[Stored data entries]
########
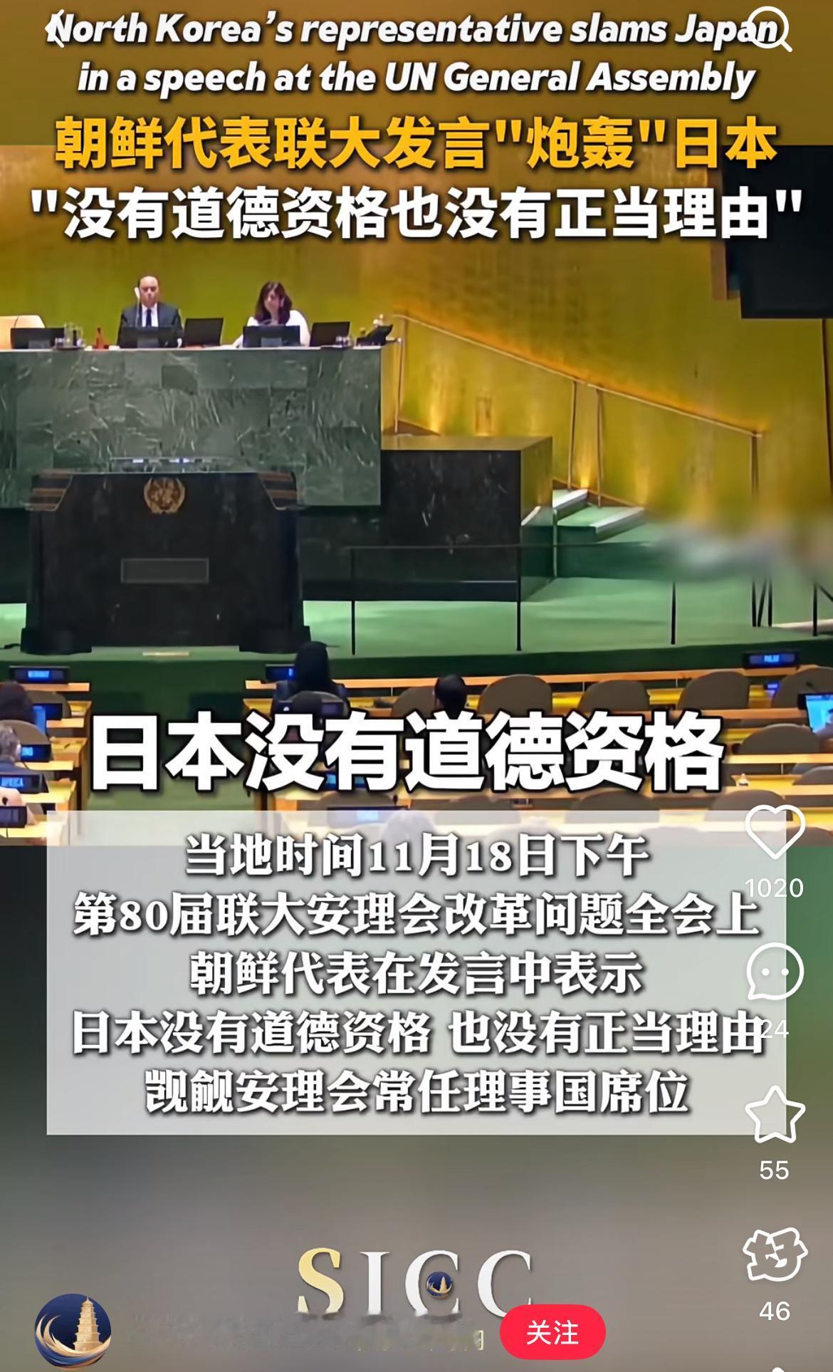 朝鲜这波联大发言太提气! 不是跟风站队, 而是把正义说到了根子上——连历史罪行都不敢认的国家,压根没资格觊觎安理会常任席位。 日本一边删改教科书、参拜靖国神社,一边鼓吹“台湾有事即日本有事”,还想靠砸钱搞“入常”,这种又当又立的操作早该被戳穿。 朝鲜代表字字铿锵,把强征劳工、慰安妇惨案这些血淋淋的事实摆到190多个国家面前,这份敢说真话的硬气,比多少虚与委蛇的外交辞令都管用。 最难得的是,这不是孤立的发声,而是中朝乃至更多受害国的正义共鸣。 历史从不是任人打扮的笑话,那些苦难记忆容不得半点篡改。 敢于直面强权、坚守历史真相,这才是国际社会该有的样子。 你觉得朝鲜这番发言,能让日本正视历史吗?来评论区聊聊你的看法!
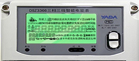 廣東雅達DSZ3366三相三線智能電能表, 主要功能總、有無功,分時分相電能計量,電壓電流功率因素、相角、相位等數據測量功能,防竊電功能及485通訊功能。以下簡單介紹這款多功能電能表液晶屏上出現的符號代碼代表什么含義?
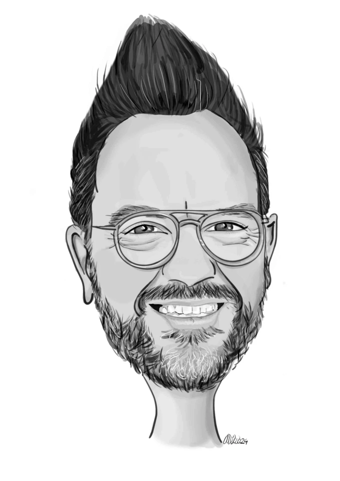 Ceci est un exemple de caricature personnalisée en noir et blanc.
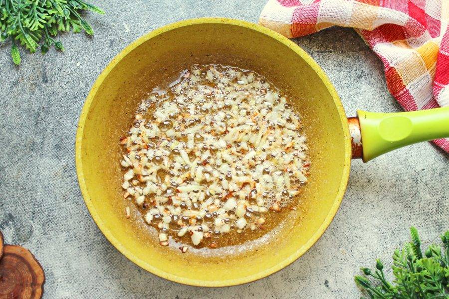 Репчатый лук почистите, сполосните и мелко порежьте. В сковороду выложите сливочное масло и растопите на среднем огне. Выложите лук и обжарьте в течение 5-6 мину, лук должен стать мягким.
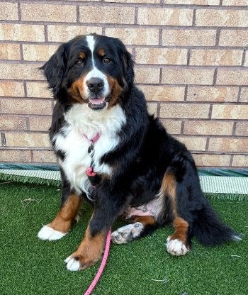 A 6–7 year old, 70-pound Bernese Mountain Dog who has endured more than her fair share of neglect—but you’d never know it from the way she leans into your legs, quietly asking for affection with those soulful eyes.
########
Give again the stretch of lines above from the one with "Ceci est un" through the one with "Репчатый лук почистите, сполосните", both ends kept, and copy no pictures.

 Ceci est un exemple de caricature personnalisée en noir et blanc.
 Репчатый лук почистите, сполосните и мелко порежьте. В сковороду выложите сливочное масло и растопите на среднем огне. Выложите лук и обжарьте в течение 5-6 мину, лук должен стать мягким.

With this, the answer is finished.